-- SUPPLIED DATA --
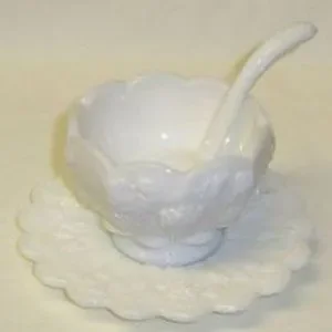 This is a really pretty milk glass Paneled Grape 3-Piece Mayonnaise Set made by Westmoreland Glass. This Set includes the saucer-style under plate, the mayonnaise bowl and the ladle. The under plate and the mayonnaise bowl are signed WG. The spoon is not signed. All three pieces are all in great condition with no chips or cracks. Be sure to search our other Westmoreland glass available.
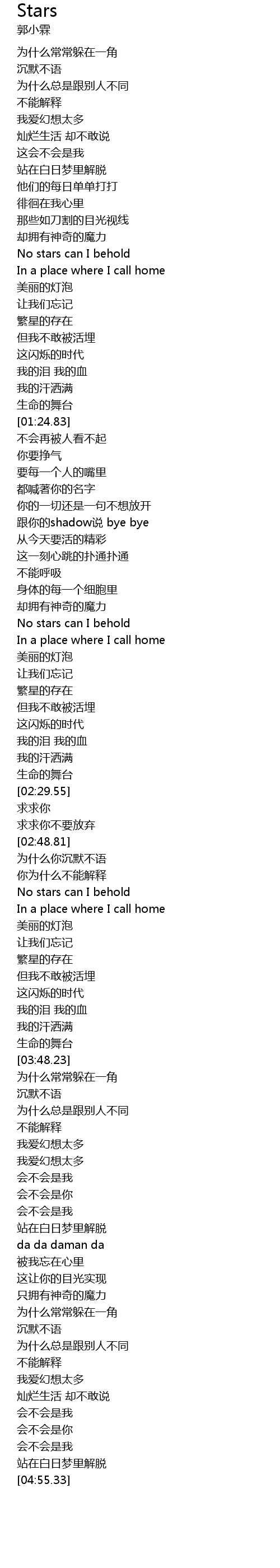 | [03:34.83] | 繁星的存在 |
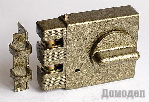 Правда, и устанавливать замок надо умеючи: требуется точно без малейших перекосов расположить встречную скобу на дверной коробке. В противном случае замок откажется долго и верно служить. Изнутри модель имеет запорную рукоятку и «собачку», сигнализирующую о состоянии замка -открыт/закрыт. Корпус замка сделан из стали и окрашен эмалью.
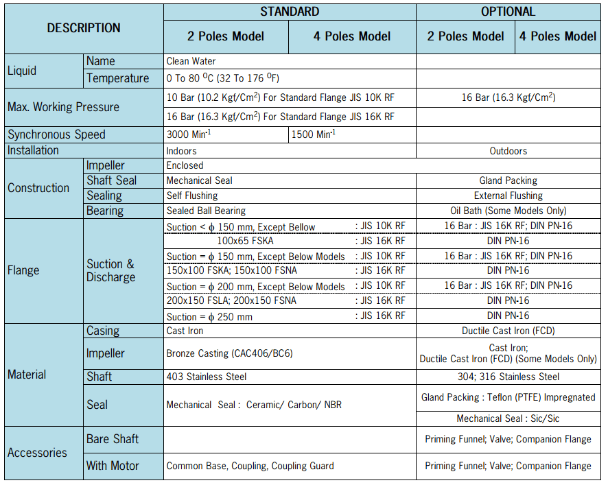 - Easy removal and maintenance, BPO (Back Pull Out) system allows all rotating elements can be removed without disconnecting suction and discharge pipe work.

-- EXERCISE BRIEF --
Through the line containing "[03:34.83] | 繁星的存在 |" and no further, restate the data above word for word from its first line, leaving out pictures.

-- TASK ANSWER --
 This is a really pretty milk glass Paneled Grape 3-Piece Mayonnaise Set made by Westmoreland Glass. This Set includes the saucer-style under plate, the mayonnaise bowl and the ladle. The under plate and the mayonnaise bowl are signed WG. The spoon is not signed. All three pieces are all in great condition with no chips or cracks. Be sure to search our other Westmoreland glass available.
 | [03:34.83] | 繁星的存在 |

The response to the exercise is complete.